Hey WaPo, There is Nothing Wrong With Making Toilets
I have this secret hope in which the coronavirus finally wakes some people up to the reality that folks doing everyday normal run-of-the-mill jobs are in no way inferior to people in the entertainment industry, and in fact should be far more celebrated than they really are.
The Washington Post has yet to learn that lesson, it appears, because they ran this article after the death of Bill Withers:
If you wanted to be deliberately dense about this, you could say “well what’s wrong with that, it DID change his life, and there’s no moral value assigned to the making of toilets in the headline”. But of course that would be completely deceitful, because there very much is a moral value assigned to the making of toilets in that headline, even though whoever wrote the headline was clever enough to use veiled language to express what they really thought.
What the WaPo was really saying there was, “Bill Withers was in his 30’s working a laughable, pitiable, dead-end job, then he got famous for singing a song good and his life changed FOR THE BETTER and he became a person worthy of our respect.”

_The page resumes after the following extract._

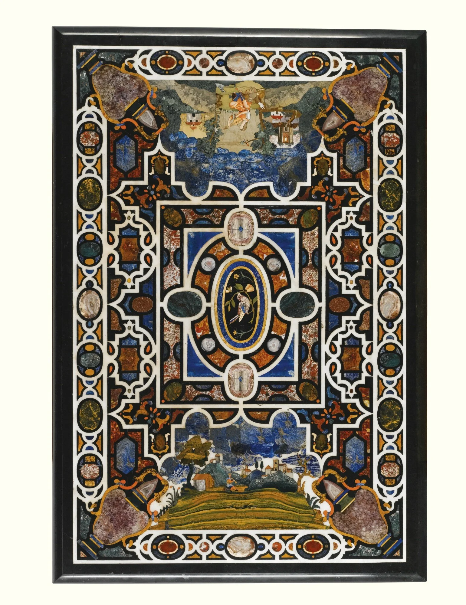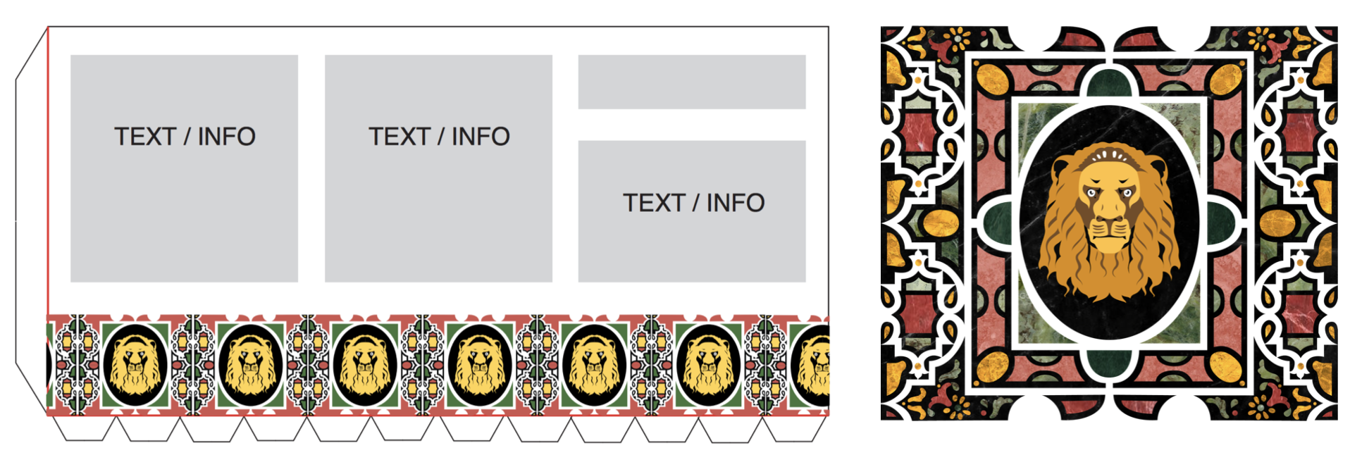 I selected this Italian inlaid table top from ~1620 as the key reference for the packaging artwork. Early designs showcased a lion as well as bold mosaic colors and textures. However, upon rendering, this graphic was too noisy and incongruent to other design features.

And you know what? I’m tired of it. I’m tired of the people doing the hard work of making the world run being portrayed constantly by the media as less-than and people who wiggle their vocal chords and shimmy around in sparkly outfits being lauded to the skies. We are living in an upside-down world, people. You want to talk about the 1% who have all the money? I’d like to talk about the 1% of completely useless people like Madonna (who cannot even sing well) getting all the respect while the guy working 9-5 making toilets at the toilet factory is viewed as a joke, as a loser, as a guy who couldn’t do better for himself.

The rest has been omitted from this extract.